The expected answer is a verbatim transcription of the lines below, beginning with the first and ending with the line that holds "PD 94773IRG4BC30FD1 Fast", without pictures.

Collection entries:
*****
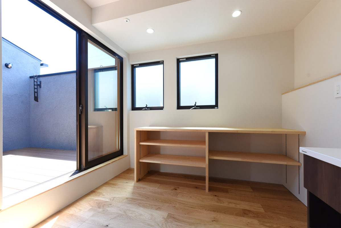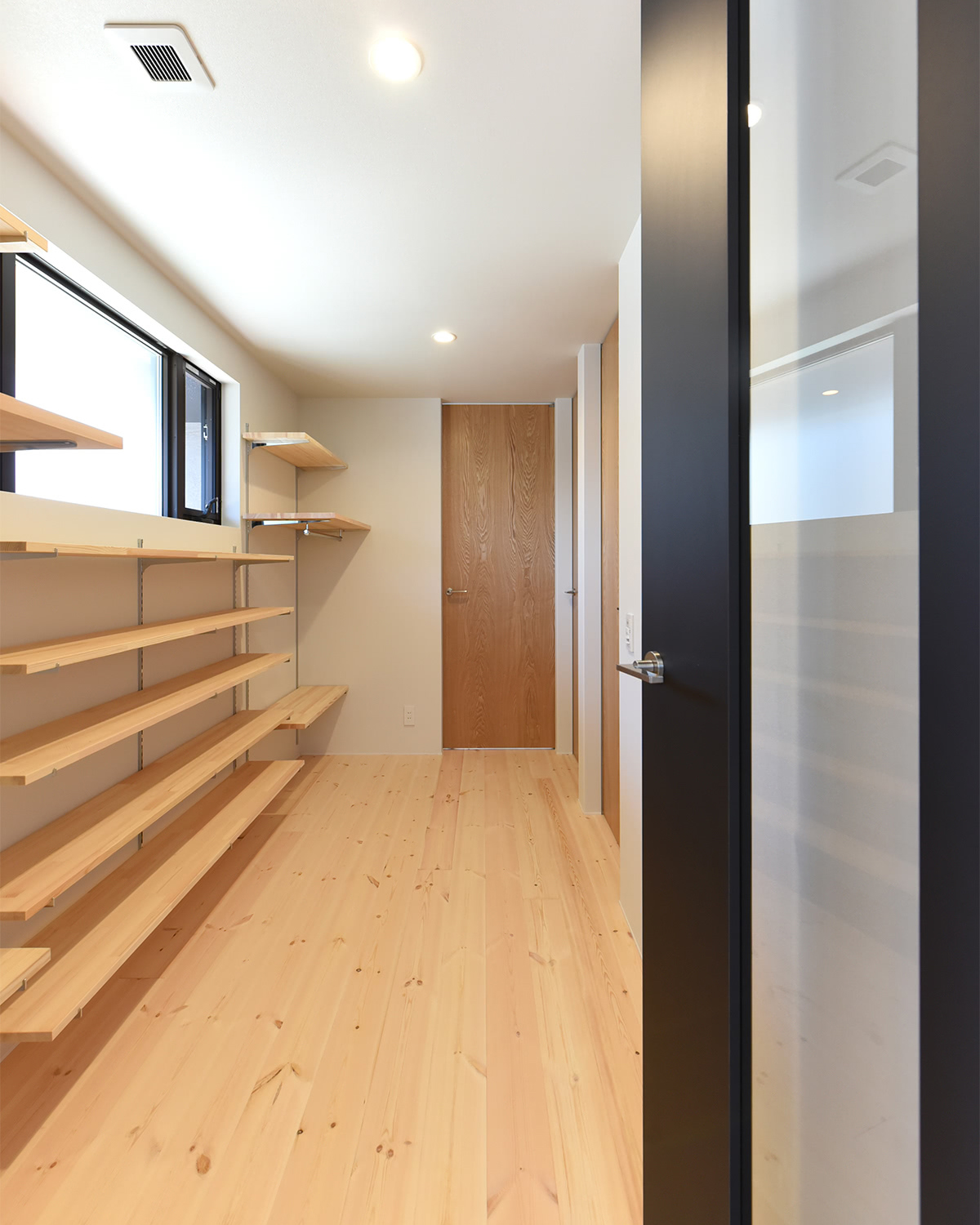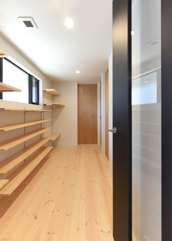 玄関横のドアを開けると各居室に行く前のワンクッション的空間。ここにバックやコートや作業服などを仕舞うことで居室やリビングがモノで散乱するのを防ぐ役目。
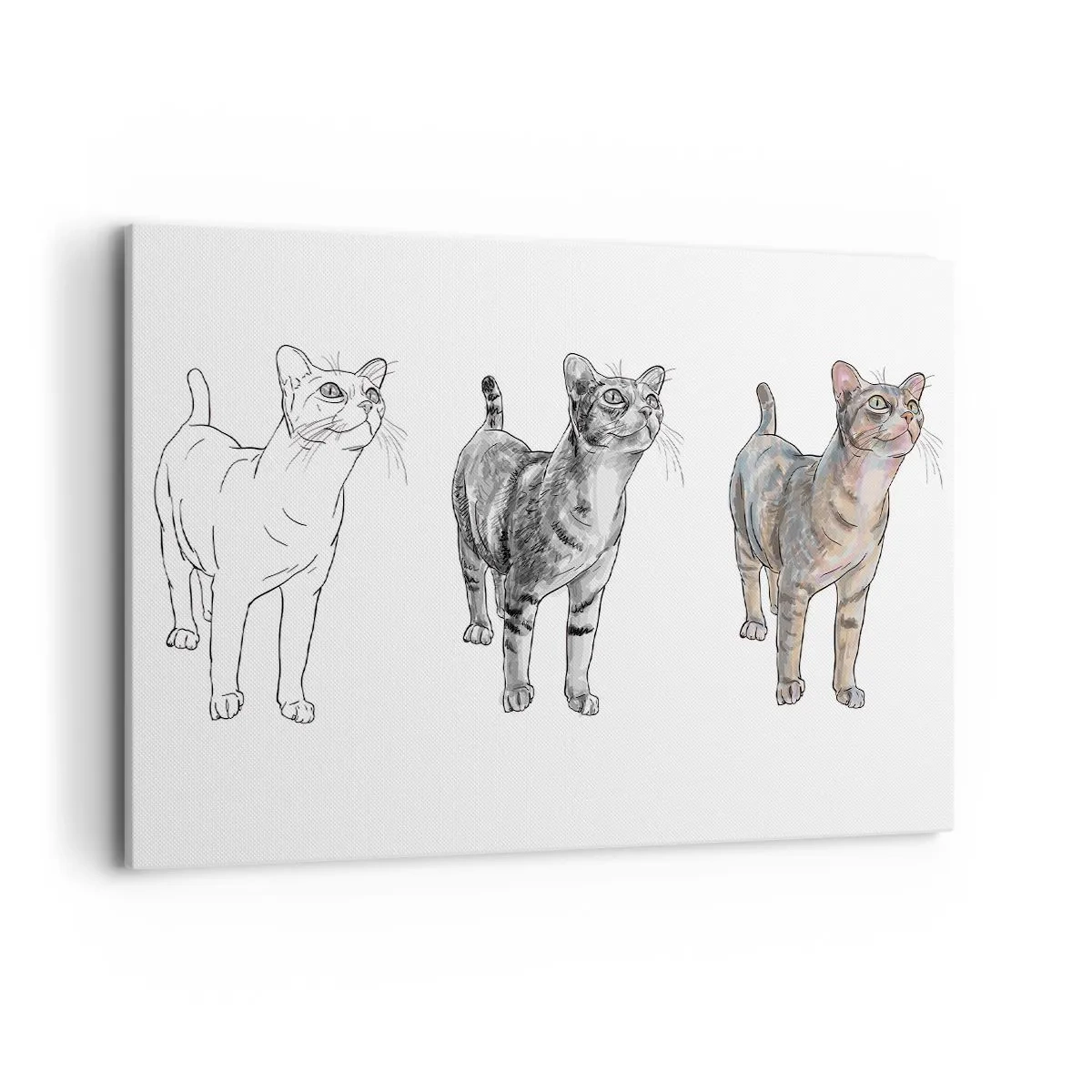 Obraz na płótnie - Ewolucja rysunku kota od szkicu do kolorowej formy - 100x70cm - Lekcja rysunku - Nowoczesna dekoracja ścienna do salonu, kuchni i sypialni ARTTOR
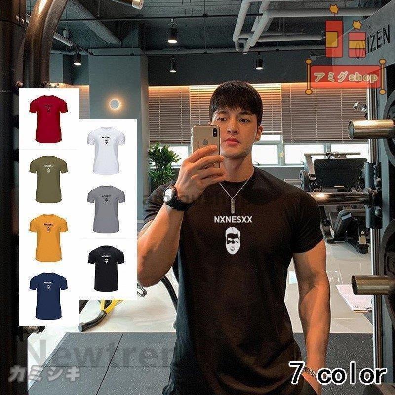 【SS限定★10%OFF!】 トレーニングウエア メンズ ジム 半袖 夏 半袖Tシャツ スポーツウェア 速乾 吸汗 フィットネス 筋トレ トレーニングトップス ホワイト レッド グレー カーキ ブラック M L XL XXL
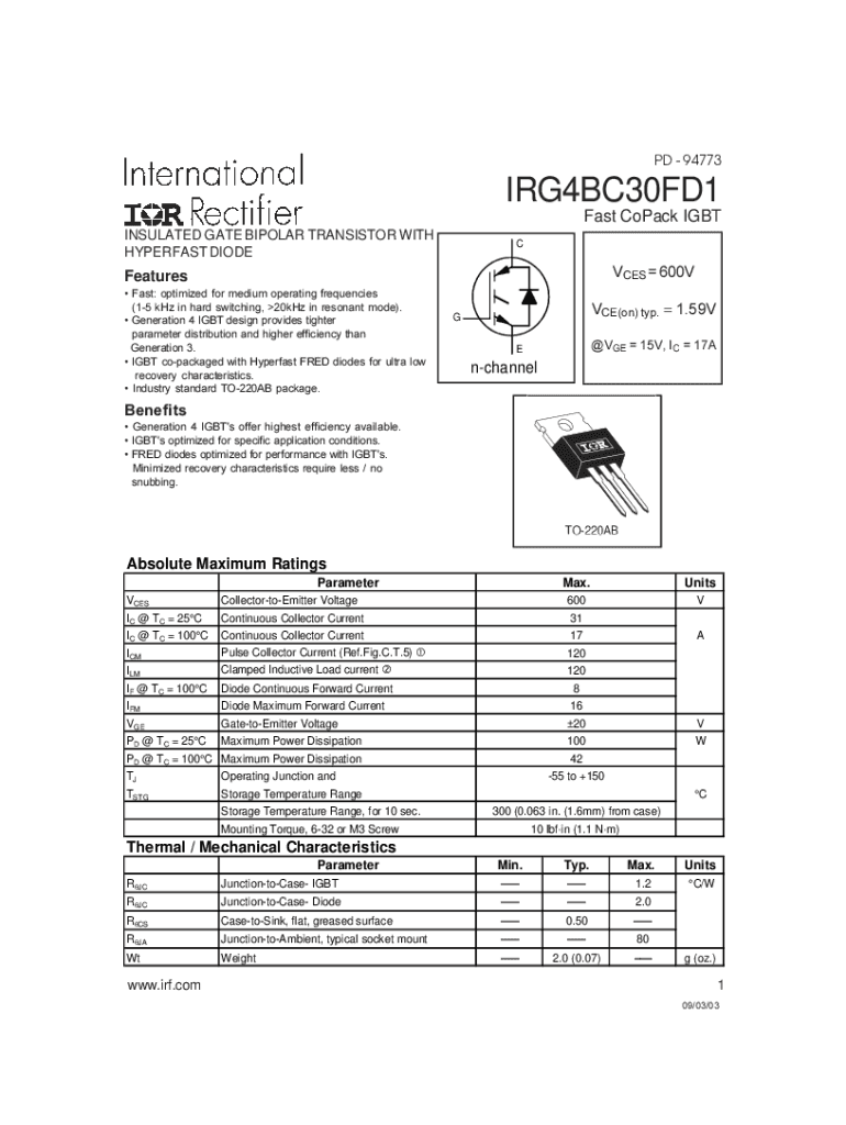 PD 94773IRG4BC30FD1 Fast Coach IGBT INSULATED GATE BIPOLAR TRANSISTOR WITH SUPERFAST DIODECVCES 600VFeatures Fast: optimized for medium operating frequencies (15 kHz in hard switching, 20kHz in resonant
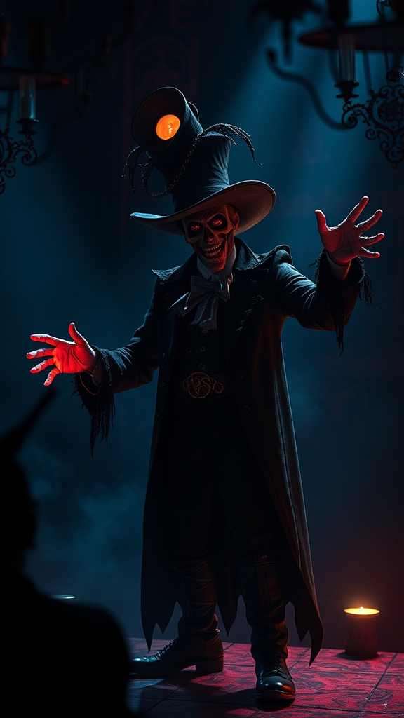 A diabolical and unhinged master showman orchestrates a nightmarish carnival of shadows, leading a macabre and eerie circus show filled with twisted allure and sinister charm, shrouded in darkness. The scene is replete with elaborate designs and intricate details, casting long, dramatic shadows through striking, cinematic lighting. The atmosphere is suffused with a haunting realism, captured in stunning 8k resolution, immersing viewers in a spectacle where every sinister curve and grotesque figure is vividly brought to life.
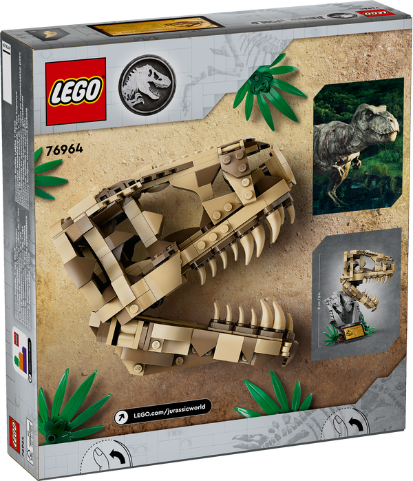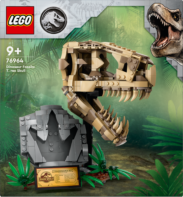 Zainspiruj dzieci w wieku od dziewięciu lat lub początkującego paleontologa zestawem LEGO® Jurassic World Szkielety dinozaurów — czaszka tyranozaura (76964). Pierwszy zestaw Jurassic World stworzony do ustawienia na półce składa się z czaszki z otwieraną szczęką, podstawki z tabliczką informacyjną, ukrytego „bursztynu” z tyłu modelu oraz „skamieniałego” odcisku stopy.
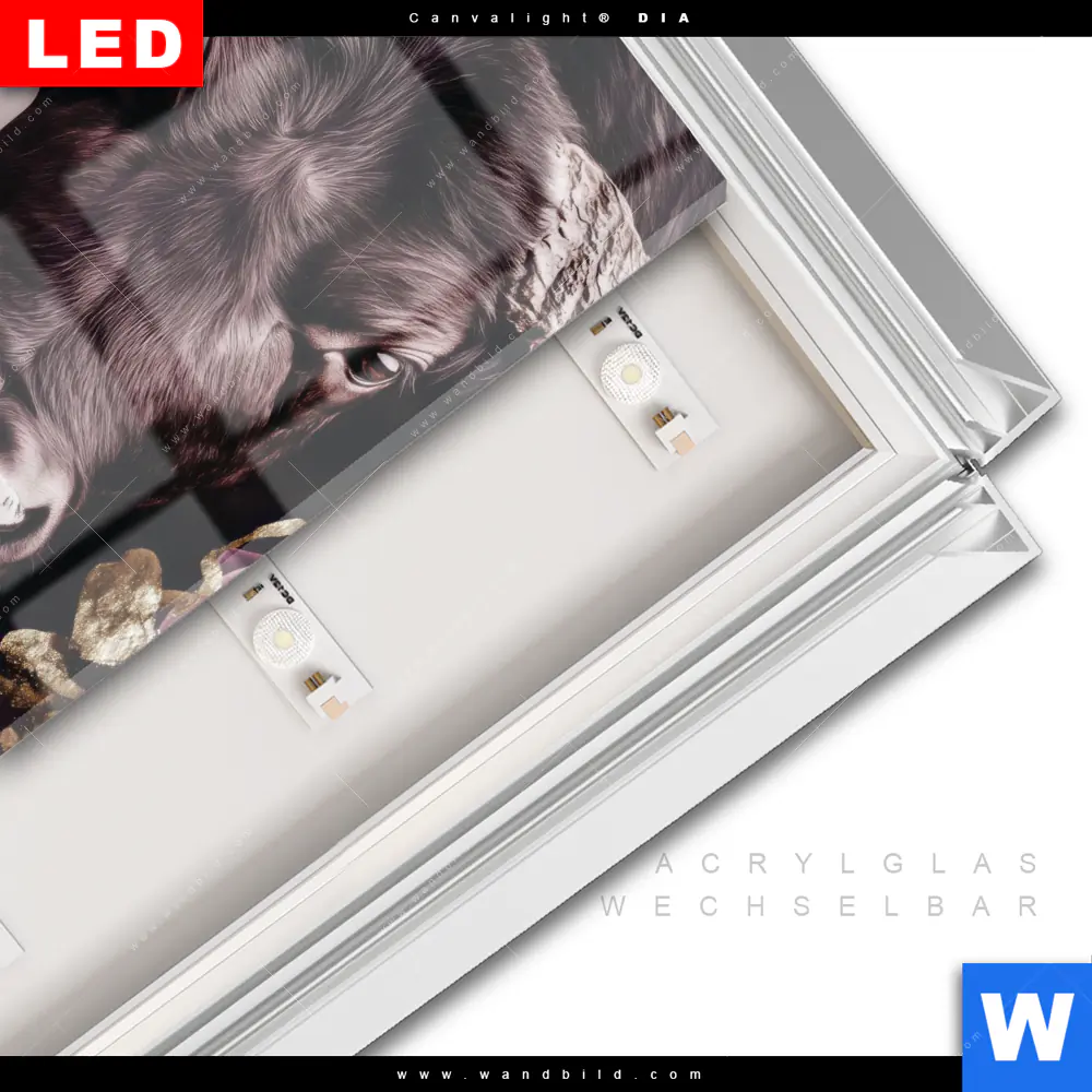 LED-Glasbild mit austauschbarem Acrylglas-Druck (Wechselbild)
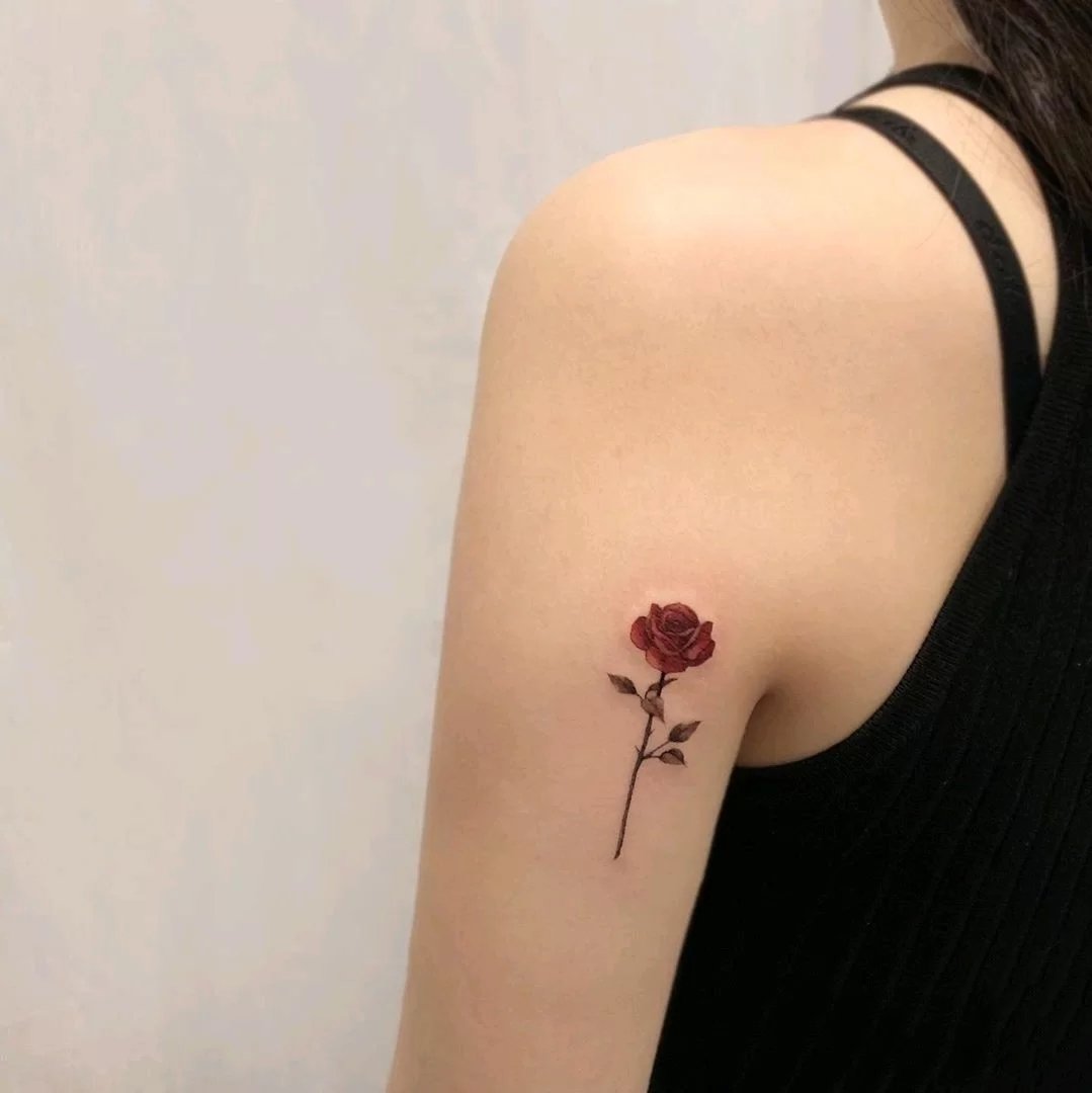 • 适合高冷女神的红色玫瑰花纹身图片9张
*****
TASK RESULT:
 玄関横のドアを開けると各居室に行く前のワンクッション的空間。ここにバックやコートや作業服などを仕舞うことで居室やリビングがモノで散乱するのを防ぐ役目。
 Obraz na płótnie - Ewolucja rysunku kota od szkicu do kolorowej formy - 100x70cm - Lekcja rysunku - Nowoczesna dekoracja ścienna do salonu, kuchni i sypialni ARTTOR
 【SS限定★10%OFF!】 トレーニングウエア メンズ ジム 半袖 夏 半袖Tシャツ スポーツウェア 速乾 吸汗 フィットネス 筋トレ トレーニングトップス ホワイト レッド グレー カーキ ブラック M L XL XXL
 PD 94773IRG4BC30FD1 Fast Coach IGBT INSULATED GATE BIPOLAR TRANSISTOR WITH SUPERFAST DIODECVCES 600VFeatures Fast: optimized for medium operating frequencies (15 kHz in hard switching, 20kHz in resonant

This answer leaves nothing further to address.